Lieutenant Governor of Upper Canada
- In office 1806–1817
- Monarch: George III
- Governors General: (Lieutenant Governor of Lower Canada as Governor-in-Chief over the British North America) Thomas Dunn (administrator) Sir James Henry Craig Sir George Prevost _{Bt} Sir Gordon Drummond Sir John Coape Sherbrooke
- Preceded by: Peter Hunter
- Succeeded by: Sir Peregrine Maitland

Governor of Bermuda
- In office 1805–1806
- Monarch: George III
- Preceded by: George Beckwith Henry Tucker (acting)
- Succeeded by: Henry Tucker (acting) John Hodgson

Personal details
- Born: 1769 Blackheath, London, England
- Died: 3 November 1852 (aged 82–83) Brighton, England

= Francis Gore =

Canadian politician

Francis Gore (1769 - 3 November 1852) was an English military officer and British colonial administrator in Bermuda and Upper Canada.

Gore was born in Blackheath, London, England in 1769 the son of Francis Gore and Caroline Beresford.
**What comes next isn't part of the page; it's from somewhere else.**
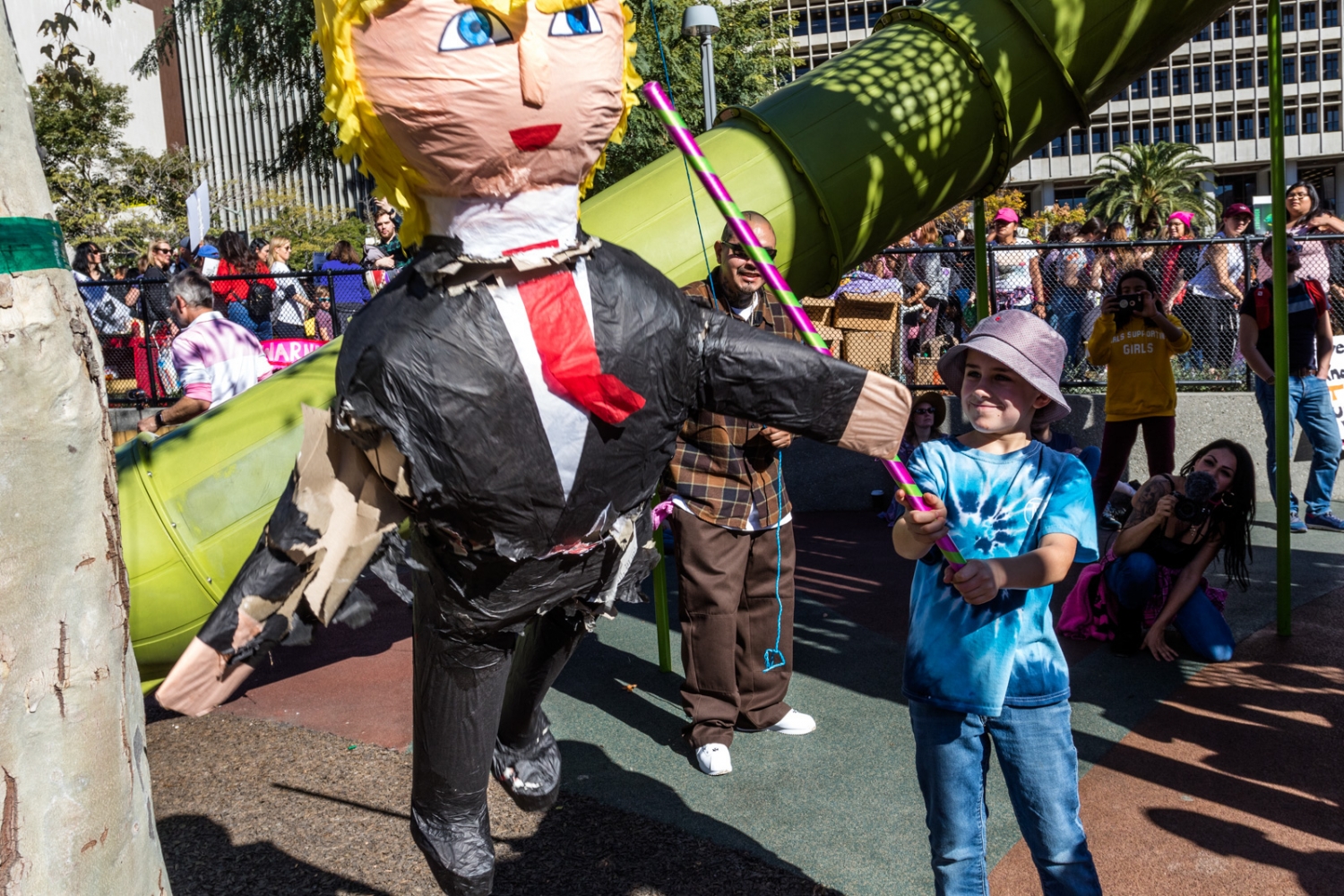 Wiley Parker, 10, takes a swing at a pinata shaped like President Donald Trump in a playground inside Grand Park. A couple other children also beat the pinata after Parker's turn.

Francis Gore senior was also a soldier and colonial administrator. Gore Sr became a governor of the West Indies in 1763. He had served in the Portuguese campaign of 1761 as aide-de-camp to Queen Charlotte's brother.

Gore was commissioned as an ensign into the 44th Foot in 1787 directly from school at Durham, advancing in 1793 to lieutenant. Gore transferred to the 54th Foot in 1794 and the 17th Light Dragoons in 1795. He retired with the rank of major and became Governor of Bermuda from 1805 to 1806, and then Lieutenant-Governor of Upper Canada from 1806 to 1811. Gore's administration built roads, reorganised the militia and founded schools.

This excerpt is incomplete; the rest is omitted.